Сперва было тяжело, пульсирующая кровь угрожала разорвать виски. Мучительная спазмирующая боль не давала покоя ни днем, ни ночью. Акклиматизация хилого организма к высокогорью, наказание за какие-то грехи или перестройка на музыку высших сфер — думаю, что и первое, и второе, и третье.
Настройка, видимо, прошла успешно — скоро пошло-поехало: недалеко от Лхасы мельница, где мелят овес для тсампы. «Хочу вам ее показать», — говорит тибетец Лун-Дуб. Показывай, конечно, друг разлюбезный, только рады. Переступила порог и в голове вдруг в миг все перемешалось в безумном хаосе — так и застыла я у запыленного нечто в форме воронки из своего сна. «Конфликт блокировок»… Как такое возможно, не могло такого случиться, ведь не было меня тут никогда. Ведь это не Потала, которую можно в глобальной паутине узреть, и не какой-то обобщенный образ — это вполне себе конкретная деталь, которую я не могла узнать нигде. Один за другим мои сны стали воплощаться в реальные предметы и людей.
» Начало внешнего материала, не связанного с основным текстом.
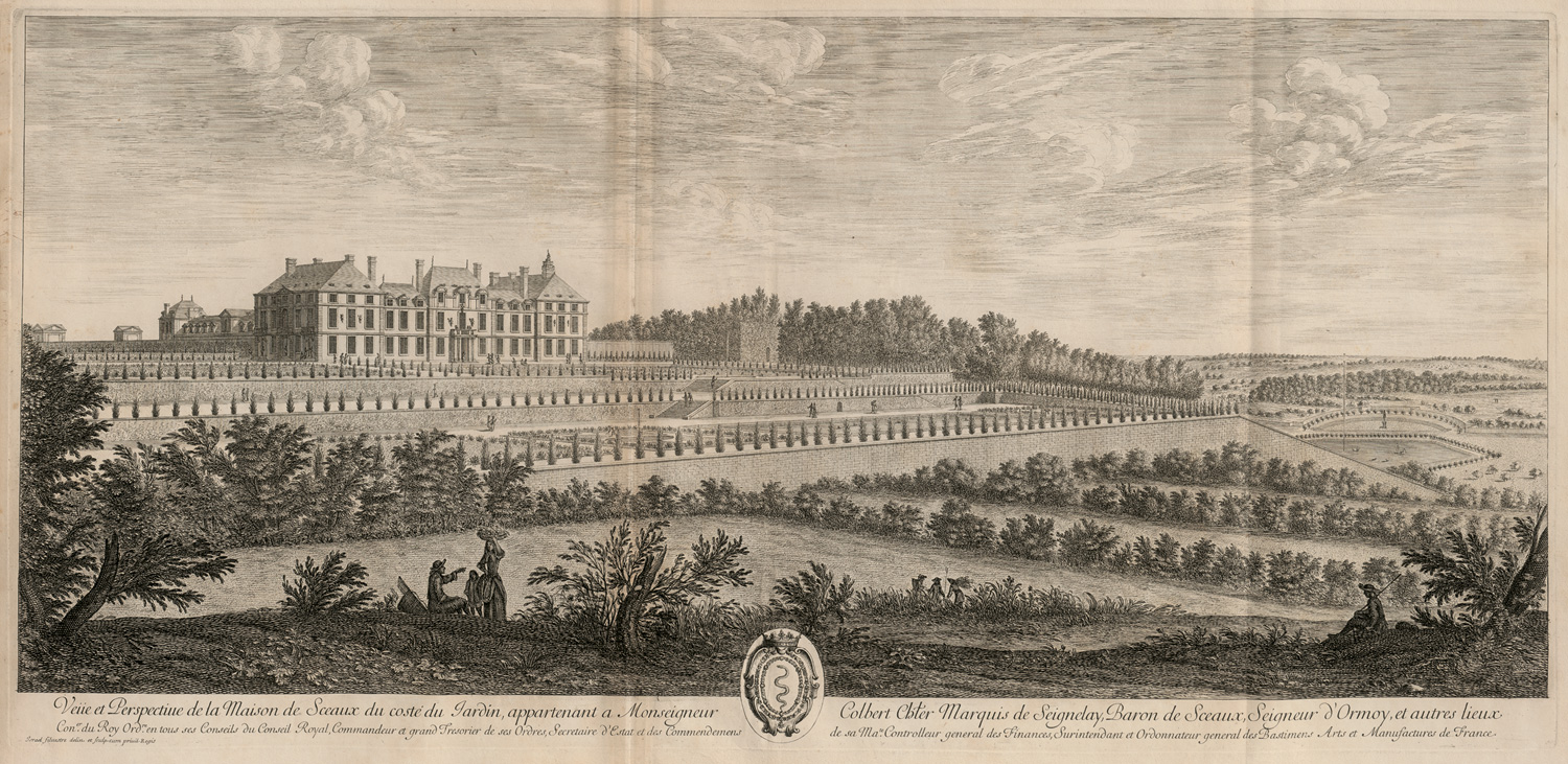Sammelband mit teils prächtigen Darstellungen barocker Gartenanlagen und herrschaftlicher Paläste in Frankreich und Italien, kompiliert aus verschiedenen graphischen Folgen und gestochen zumeist von Künstlern wie Johann Battista Falda, Dominique Barrière, Arnold van Westerhout, Giacomo de Rossi und Israël Silvestre. Neben malerischen Ansichten auch mit architektonischen Grundrissen, Plänen, Fassaden, Triumphbögen etc. U. a. "Chateau de Lauardin", Petersplatz, "Giardino di Belevedere", "Giardino del Duca di Toscana", "Giardino el Duca di Parma", verschiedene Gärten in Rom und im Vatikan, Orangerie der Kurfürstin Louise von Brandenburg", "Arc de Triomphe", "Plan general de Versailles", "Chasteau de Fontaine Belleau" usw. – Teils mit größerem und unschönem Feuchtigkeitsrand, einige Tafeln gleichmäßig gebräunt, insgesamt mal mehr, mal weniger fleckig, Teils gestempelt.

Не могла поверить, что увижу мать мира — Джомолунгму. Ехала и думала: «Неужели это со мной? Меня никто не обманывает? Мы точно ее увидим?» Эта мысль гвоздем торчала в голове и не отпускала до самого прибытия на место. Ерзала как на иголках, беспрестанно выглядывала в окно, боясь пропустить что-то очень важное. «Семитысячники, — подумалось мне, — жаль, что… жаль что… жаль что…нет, нет, нет, этого не может быть!!! Эта же картина за окном, этот же пейзаж, эта же мысль… Поздно ночью, лежа в шапке, куртке, термобелье, термоносках, двух спальниках под четырьмя теплыми одеялами, давившими на ребра свинцовым грузом, и слушая вой ветра, сотрясающий огромную палатку, думала о том, что происходящее в высшей степени нереально. Не могу я вот так вот просто лежать в пяти шагах у Эвереста и размышлять о том, что по сути заглянула в будущее.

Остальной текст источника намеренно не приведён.